For my assignment, I'm required to use fread/fwrite. I wrote
#include <stdio.h>
#include <string.h>
struct rec{
int account;
char name[100];
double balance;
};
int main()
{
struct rec rec1;
int c;
FILE *fptr;
fptr = fopen("clients.txt", "r");
if (fptr == NULL)
printf("File could not be opened, exiting program.\n");
else
{
printf("%-10s%-13s%s\n", "Account", "Name", "Balance");
while (!feof(fptr))
{
//fscanf(fptr, "%d%s%lf", &rec.account, rec.name, &rec.balance);
fread(&rec1, sizeof(rec1),1, fptr);
printf("%d %s %f\n", rec1.account, rec1.name, rec1.balance);
}
fclose(fptr);
}
return 0;
}
clients.txt file
100 Jones 564.90
200 Rita 54.23
300 Richard -45.00
output
Account Name Balance
540028977 Jones 564.90
200 Rita 54.23
300 Richard -45.00╠╠╠╠╠╠╠╠╠╠╠╠╠╠╠╠╠╠╠╠╠╠╠╠╠╠╠╠╠╠╠╠╠╠╠╠╠╠╠╠╠╠╠╠╠╠╠╠╠╠╠╠╠╠╠╠╠╠╠╠╠╠
╠╠ü☻§9x°é -92559631349317831000000000000000000000000000000000000000000000.000000
Press any key to continue . . .
I can do this with fscanf (which Ive commented out), but I'm required to use fread/fwrite.
Why does it start with a massive number for Jone's account?
Why is there garbage after? Shouldn't feof stop this?
Are there any drawbacks using this method? or fscanf method?
How can I fix these?
Many thanks in advance
As the comments say, fread reads the bytes in your file without any interpretation. The file clients.txt consists of 50 characters, 16 in the first line plus 14 in the second plus 18 in the third line, plus two newline characters. (Your clients.txt does not contain a newline after the third line, as you will soon see.) The newline character is a single byte \n on UNIX or Mac OS X machines, but (probably) two bytes \r\n on Windows machines - hence either 50 or 51 characters. Here is the sequence of ASCII bytes in hexadecimal:
3130 3020 4a6f 6e65 7320 3536 342e 3930 100 Jones 564.90
0a32 3030 2052 6974 6120 3534 2e32 330a \n200 Rita 54.23\n
3330 3020 5269 6368 6172 6420 2d34 352e 300 Richard -45.
3030 00
Your fread statement copies these bytes without any interpretation directly into your rec1 data structure.
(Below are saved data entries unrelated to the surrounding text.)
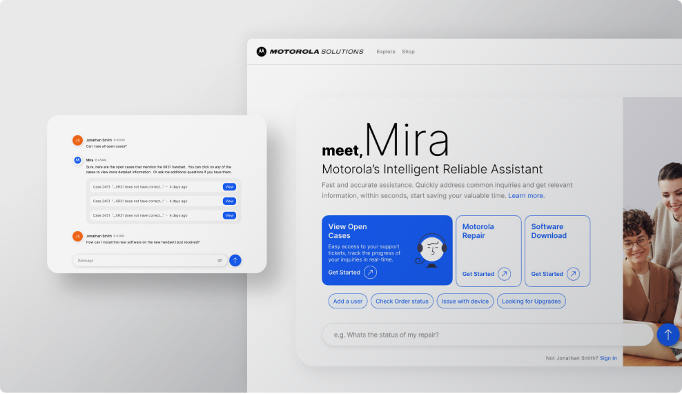 We steered Motorola Solutions pioneering GenAI integration, mapping out strategic investments in experiences for optimal outcomes. We focused on enhancing their self-service customer support—from product purchase to provisioning, and troubleshooting. We devised custom solutions that seamlessly integrated with their existing suite of tools and specialized systems aiming to offer Motorola's customers and staff swift access to historical data, actionable insights, and smart recommendations based on the immense amount of data at their disposal.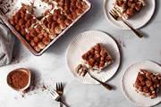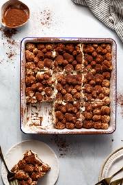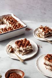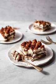 To assemble the tiramisu, dip half of the ladyfingers quickly on both sides into the cooled hot cocoa. Place in a layer on the bottom of a 23cm square serving dish or cake tin. Spoon about a third of the mascarpone cream mixture on top and gently spread over the ladyfingers. Carefully pour over the chocolate ganache to cover the mascarpone layer as evenly as possible. Repeat with a layer of the remaining ladyfingers, quickly dipping in the cooled hot cocoa as you go. Pipe the remaining mascarpone cream on top. Top with a generous dusting of cocoa powder. Refrigerate for at least four hours to set, preferably overnight. Slice into squares to serve.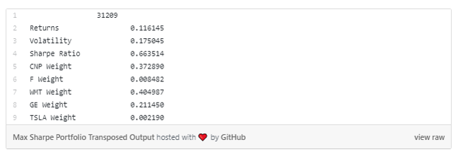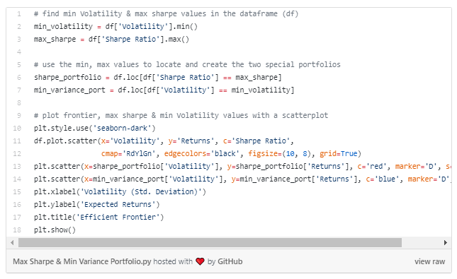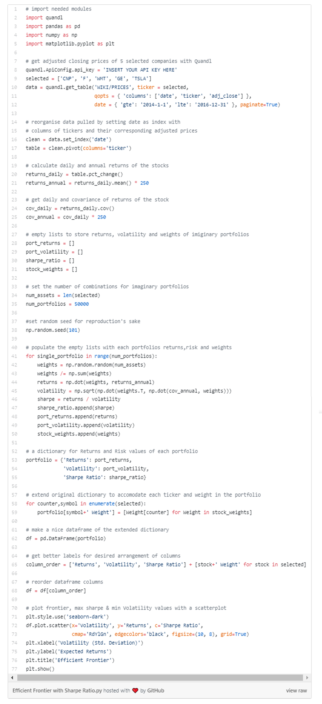 이 비율(Sharpe ratio)은 투자자산의 수익을 조정합니다. 그리고 이것은 리스크를 조합하는 것을 기준으로 하여, 투자자산을 구성하였을 때 각각에 대해 비교하는 것을 가능하게 합니다. 비교의 기준 없이, 다른 조합으로 발생하는 구성한 투자자산에 대해 예상되는 리스크와 수익을 비교하는 것은 거의 불가능합니다. (역자 주: 코드를 살펴보면 포트폴리오 구성 종목에 대해 각각의 비중을 다르게 해가며 변동성을 기반으로 기대수익률을 비교합니다.)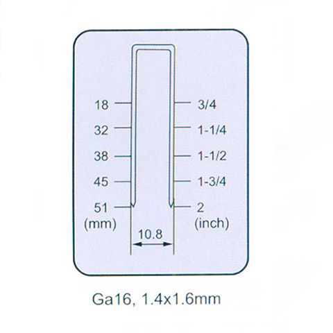 Az N851 légkorona tűzőgépek nagy teherbírású levegő körömfegyverek, nagy köröm GA16, 1,6mmx1,4 mm, válltávolság 10,8 mm, a körömmagasság 18 mm, 32 mm, 38 mm, 45 mm, 51 mm (3/4, 1-1/4, 1-1/2, 1-3/4, 2 hüvelyk) lehet.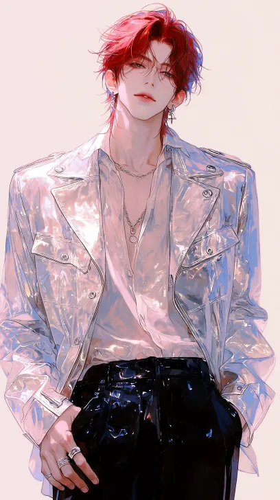 Midjourney Bot 更新时间:2026-01-19 00:15一个红色头发,带银色戒指的男孩。正面视角,站姿,酷帅,他穿着一件时尚潮流的休闲外套,口袋搭扣装饰,深V打底衫,黑色宽松长裤,冷白皮,水光肌,水润玻璃唇。粉白色,蓝色,站姿,作品笔触柔和,线条细腻。它还融入了动漫美学和漫画风格的元素,纯色背景, --ar 9:16 --stylize 900 --niji 7 --no 文字,字母,水印,纹身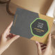 Elevate your brand with this strikingly modern business card. Featuring a bold geometric hexagon design in rich charcoal gray, accented with sophisticated gold/tan and a pop of vibrant green. Perfect for consultants, designers, architects, and any professional seeking an unforgettable, high-impact first impression. Fully customizable.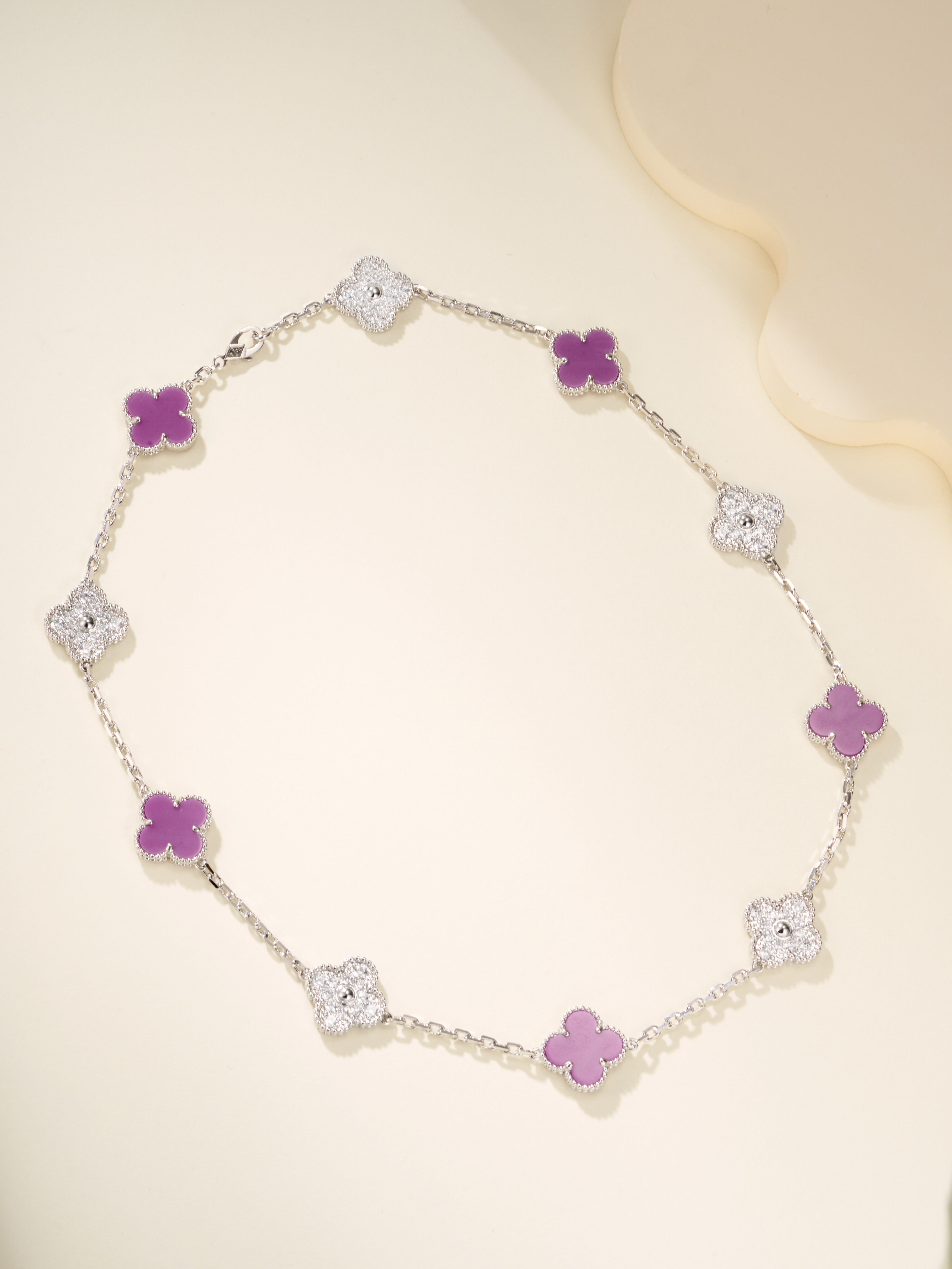 Ten flower diamond violet stone necklace

That structure begins with int account;, which says to interpret the first four bytes as an int. As one of the comments noted, you are running your program on a little-endian machine (most likely an Intel machine), so the least significant byte is the first and the most significant byte is the fourth. Thus, your fread said to interpret the sequence of four ASCII characters "100 " as the four byte integer 0x20303031, which equals, in decimal, 540028977. The next member of your struct is char name[100];, which means that the next 100 bytes of data in rec1 will be the name. But the fread was told to read sizeof(rec1)=112 bytes (4 byte account, 100 byte name, 8 byte balance). Since your file is only 50 (or 52) characters, fread will have only been able to fill in that many bytes of rec1. The return value of fread, had you not discarded it, would have told you that the read stopped short of the number of bytes you requested. Since you hit EOF, the feof call breaks out of the loop after that first pass, having consumed the entire file in one gulp.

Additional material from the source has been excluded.